Do I have access to raw audio data using Web Video SDK?

What I want to do:

I want to analyze the audio of video calls. Specifically, I want to transcribe audio into text and perform natural language processing stuff on it.
Also, I want to be able to know when & how much each person is talking.


Can I do what I want to do using Video SDK?

  • get row audio
  • perform analytics such as transcription on the audio
  • know when & how much each person in the call is talking

Details as to why I decided to ask this question

I got concerned when I read the comparison of Video SDKs and Client SDKs ( saying the following:

“Raw Video / Audio Data Available in Android, iOS, Windows, macOS”

Does this mean I do NOT have access to the raw video/audio data when using Web SDK?

It looks like I have access to the “stream” but doesn’t that mean I have the access to the audio?

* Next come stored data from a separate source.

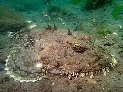 The pectoral and pelvic fins are articulated as to perform the functions of feet, so the fish is able to walk along the bottom of the sea, where it generally hides in the sand or amongst seaweed. Around its head and also along the body, the skin bears fringed appendages resembling short fronds of seaweed, a structure which, combined with the ability to match the colour of the body to its surroundings, assists this fish in camouflaging itself in the places which it selects on account of the abundance of prey. It has no scales.[13]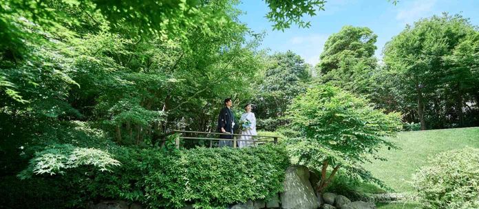 和装も映える日本の四季を感じられる庭園。もみじや桜の木もある洗練された空間。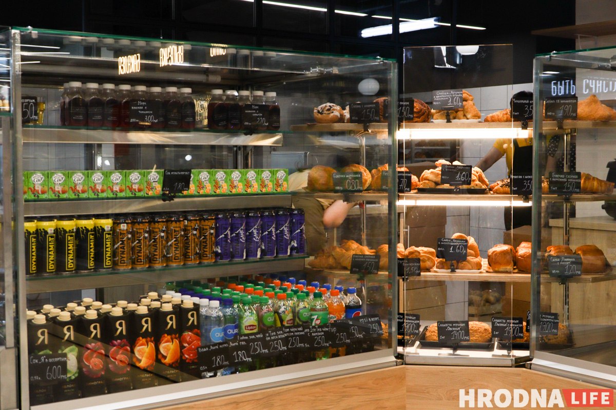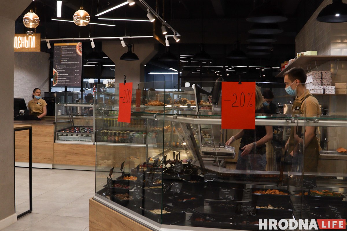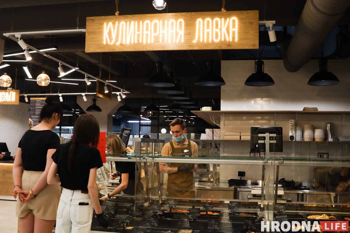 «Фудмаркет» працуе пакуль у тэставым рэжыме, таму цягам 10 дзен пасля адкрыцця тут дзейнічае зніжка 20% на ўсё, акрамя прадукцыі ў маркеце і напояў.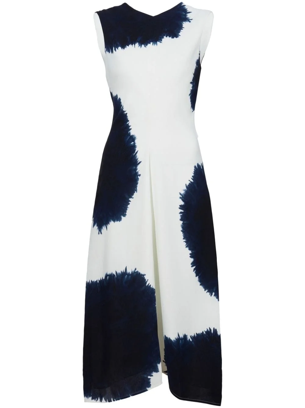 Ella Dress In Printed Viscose Crepe Highlights - White/blue - Crepe texture - Abstract pattern print - Dart detailing - Round neck - Sleeveless - Below-knee length - Flared hem - Full lining - Concealed rear zip fastening Imported Composition Viscose 100% Washing instructions Dry Clean Only

I am not an expert in web development. Kind answers without the assumption of understanding of the advanced topics in the web development world would be very helpful.

Thank you so much in advance!!

Hey @hide , happy to help! :slight_smile:

The audio on Web is a single audio stream. It is not raw in the sense that you can modify the raw audio stream. Does that clear things up?

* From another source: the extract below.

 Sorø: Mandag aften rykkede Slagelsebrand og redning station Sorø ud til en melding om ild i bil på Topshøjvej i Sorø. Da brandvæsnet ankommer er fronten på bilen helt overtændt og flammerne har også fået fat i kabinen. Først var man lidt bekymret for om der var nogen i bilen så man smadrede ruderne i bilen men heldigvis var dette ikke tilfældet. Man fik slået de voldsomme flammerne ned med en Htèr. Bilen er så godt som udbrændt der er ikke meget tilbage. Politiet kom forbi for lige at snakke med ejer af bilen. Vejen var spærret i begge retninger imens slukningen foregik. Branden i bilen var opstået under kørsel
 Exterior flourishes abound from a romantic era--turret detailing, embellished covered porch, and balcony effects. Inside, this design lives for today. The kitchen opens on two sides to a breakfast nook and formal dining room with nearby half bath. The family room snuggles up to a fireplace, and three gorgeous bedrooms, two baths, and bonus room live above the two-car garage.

Hi @tommy thanks for your reply!

So by row I actually meant real-time audio data. Meaning that I want to do something with the audio data, during the meeting, real-time. (just like transcribe the conversation real-time).

Can I do that with Web SDK? Or is it only possible with Desktop SDK? Thanks!

(Also, if it is only possible with Desktop SDK, can I do it with Angular/React for frontend/ django for backend, not objective-C or swift?. Asking because the example for macOS SDK only come with objective-c and swift. Thanks!)

Hey @hide ,

It cannot be one with the Web Video SDK.

As for the Desktop SDKs, please ask in #desktop-video-sdk :slight_smile:


This topic was automatically closed 30 days after the last reply. New replies are no longer allowed.